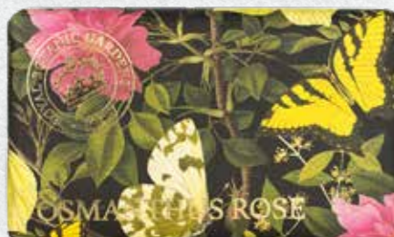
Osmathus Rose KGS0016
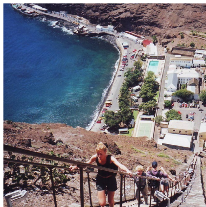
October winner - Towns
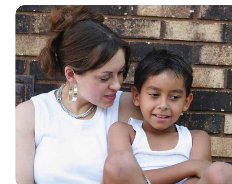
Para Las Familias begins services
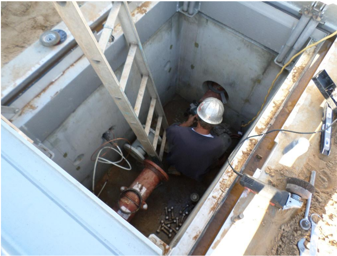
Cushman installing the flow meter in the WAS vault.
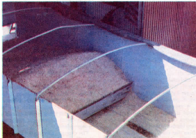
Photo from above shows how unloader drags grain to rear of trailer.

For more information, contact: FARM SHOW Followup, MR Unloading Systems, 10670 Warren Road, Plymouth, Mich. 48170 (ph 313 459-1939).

==

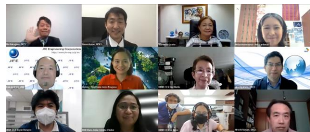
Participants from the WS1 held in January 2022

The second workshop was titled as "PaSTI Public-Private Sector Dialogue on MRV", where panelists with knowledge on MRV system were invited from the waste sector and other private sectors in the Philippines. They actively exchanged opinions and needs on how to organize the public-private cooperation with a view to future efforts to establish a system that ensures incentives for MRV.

---

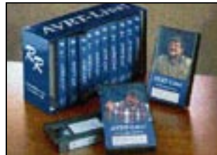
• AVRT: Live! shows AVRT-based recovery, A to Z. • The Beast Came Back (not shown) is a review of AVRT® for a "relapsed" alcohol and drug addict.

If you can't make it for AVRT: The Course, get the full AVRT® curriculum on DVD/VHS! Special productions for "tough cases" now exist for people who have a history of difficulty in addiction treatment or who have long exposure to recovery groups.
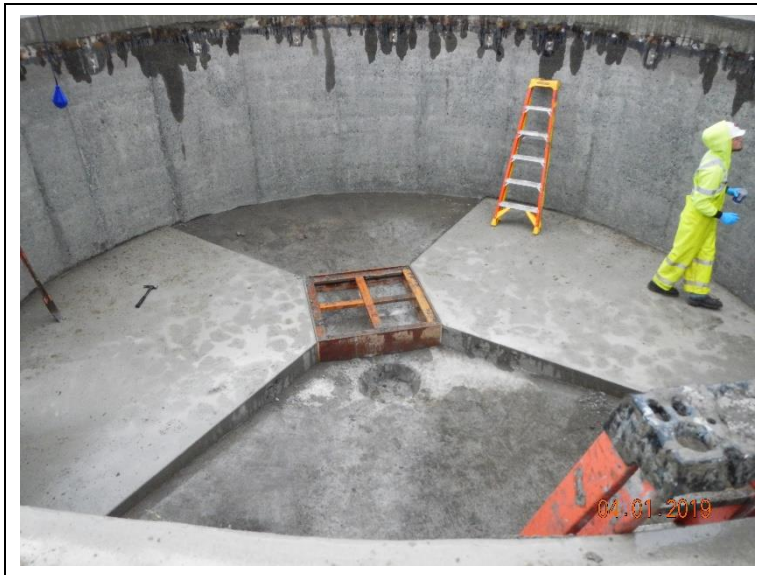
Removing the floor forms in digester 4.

**Action item:**
In the listing above, find the line containing "Para Las Familias begins services" and the line containing "For more information, contact: FARM", then return both of them and every line between, exactly, without pictures.

**Expected answer:**
Para Las Familias begins services
Cushman installing the flow meter in the WAS vault.
Photo from above shows how unloader drags grain to rear of trailer.

For more information, contact: FARM SHOW Followup, MR Unloading Systems, 10670 Warren Road, Plymouth, Mich. 48170 (ph 313 459-1939).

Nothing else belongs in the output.